Mice that suffer social defeat often begin to exhibit symptoms of depression, such as avoiding social contact. The administration of sulforaphane prevented this avoidance behavior.


Brain inflammation and the presence of reactive oxygen species is typical in patients suffering from Alzheimer’s disease, Parkinson’s disease, and Huntington’s disease.


When mice are triggered to develop diseases similar to those mentioned above, the injection sulforaphane lead to improvements in both spatial memory and working short term memory.

  • Sulforaphane has also been shown to reduce tremors and balance dopamine levels in mice with artificially induced Parkinson’s disease.


Sulforaphane seems to be able to protect against traumatic brain injury in animals.

  • It appears to help heal the blood-brain barrier in animals, following TBI.
  • It is likely that such effects would also hold for humans suffering from TBI.


Excerpt from a study of muscular dystrophy in mice: “Sulforaphane (administration) significantly increased skeletal muscle mass, muscle force, running distance, and morphology of dystrophic muscle.”


If a person wants to get a good dose of sulforaphane in their diet, how many broccoli sprouts (one of the most concentrated sources of sulforaphane) would they have to eat?

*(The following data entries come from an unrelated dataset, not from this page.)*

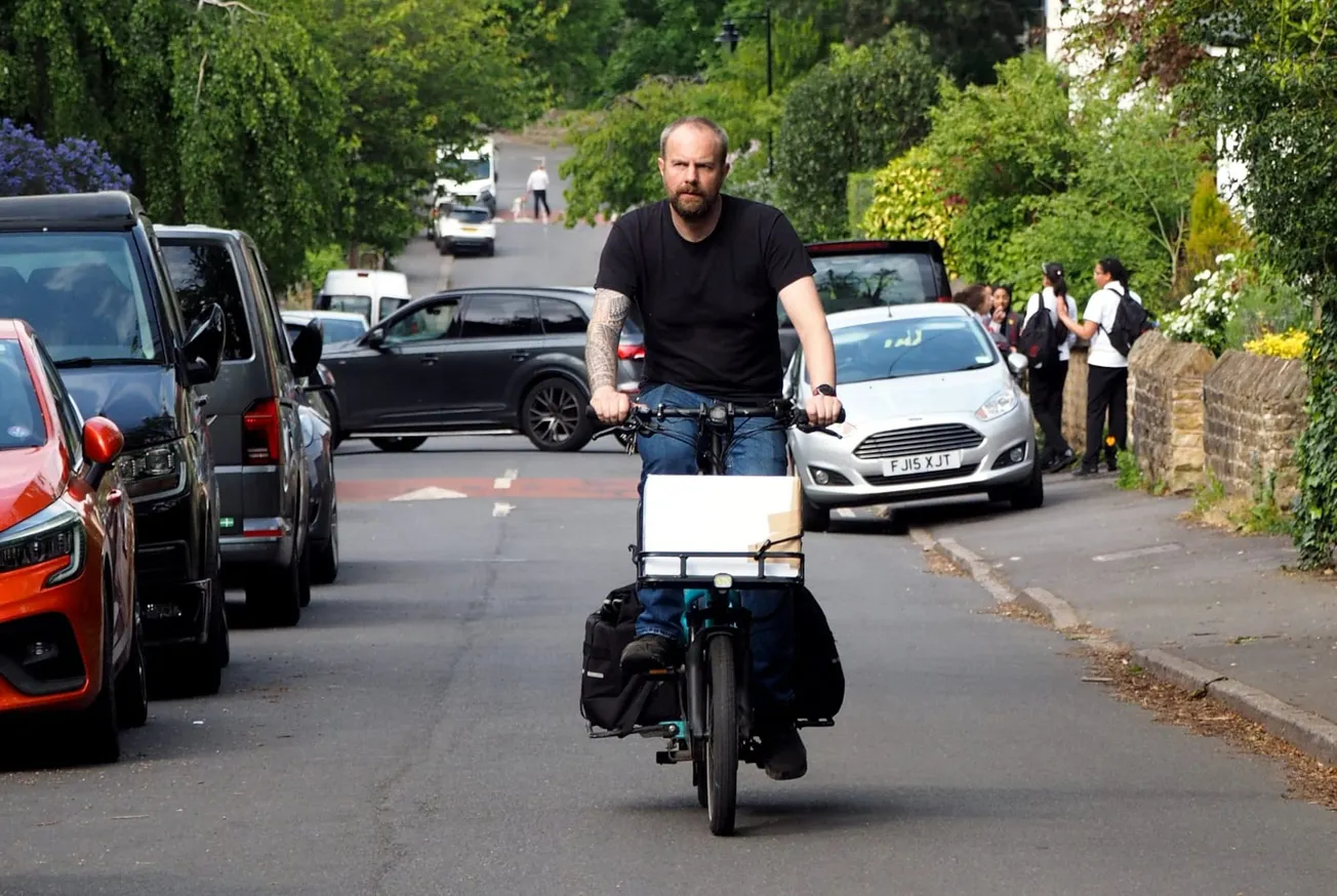 Russell Cutts climbing a Nether Edge hill on his e-cargo bike.
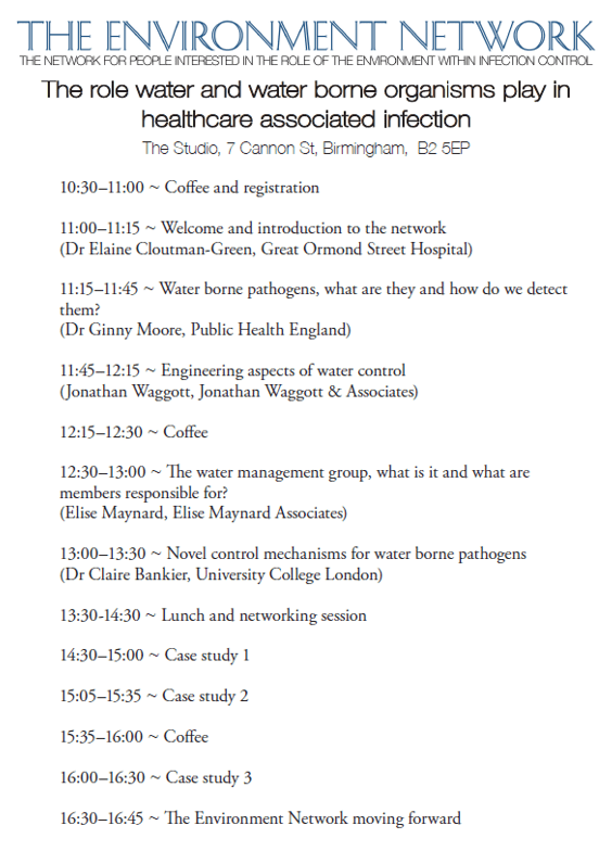 In 2018 the Environment Network responded to the wish to not be London centric by holding the event in Birmingham. That years theme was ‘The role water and water borne organisms play in healthcare associated infection’.
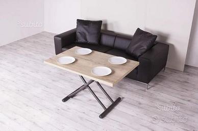 Tavolino trasformabile in tavolo da pranzo, base in metallo, meccanismo a gas regolabile in altezza al millimetro da cm 11 a cm 75,5, piano in nobilitato, legno o effetto malta. Ruote a scomparsa e rotelle trasversali.
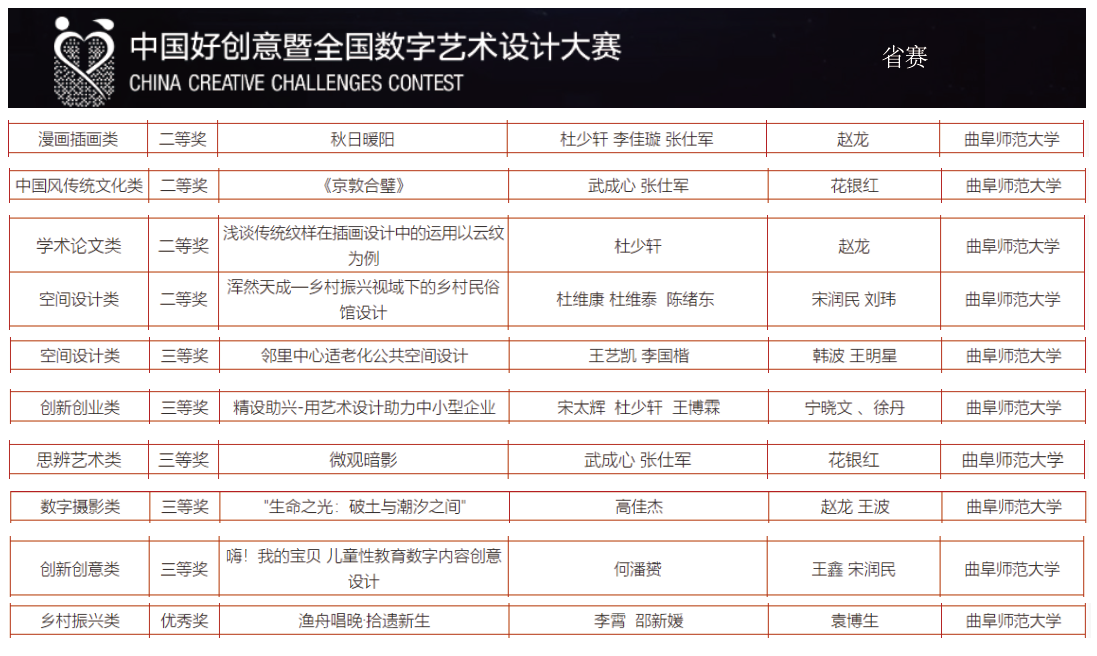 曲阜师大师生在第18届中国好创意暨全国数字艺术设计大赛中获佳绩

  • 1 gram of broccoli sprouts contains about 2.4 micro moles of sulforaphane (.425 mg)
  • Some human studies showing promising results (reduction in PSA, inflammation, etc) used a daily dose of between 40 – 60mg of sulforaphane. This is also the amount that Dr. Patrick usually eats every day. 
  • One jar of broccoli sprouts will contain approximately 120mg of sulforaphane.


Prolonged heating and boiling of cruciferous vegetables can cause the sulforaphane the contain to become biologically useless. 

  • Light steaming (3-4 minutes) is just fine.


Dr. Patrick is not a huge fan of most sulforaphane / glucoraphanin supplements on the market.

  • She usually just eats raw broccoli sprouts.


After watching this lecture, I can honestly say that if someone asked the best way to improve their life, I might just tell them to eat more cruciferous vegetables.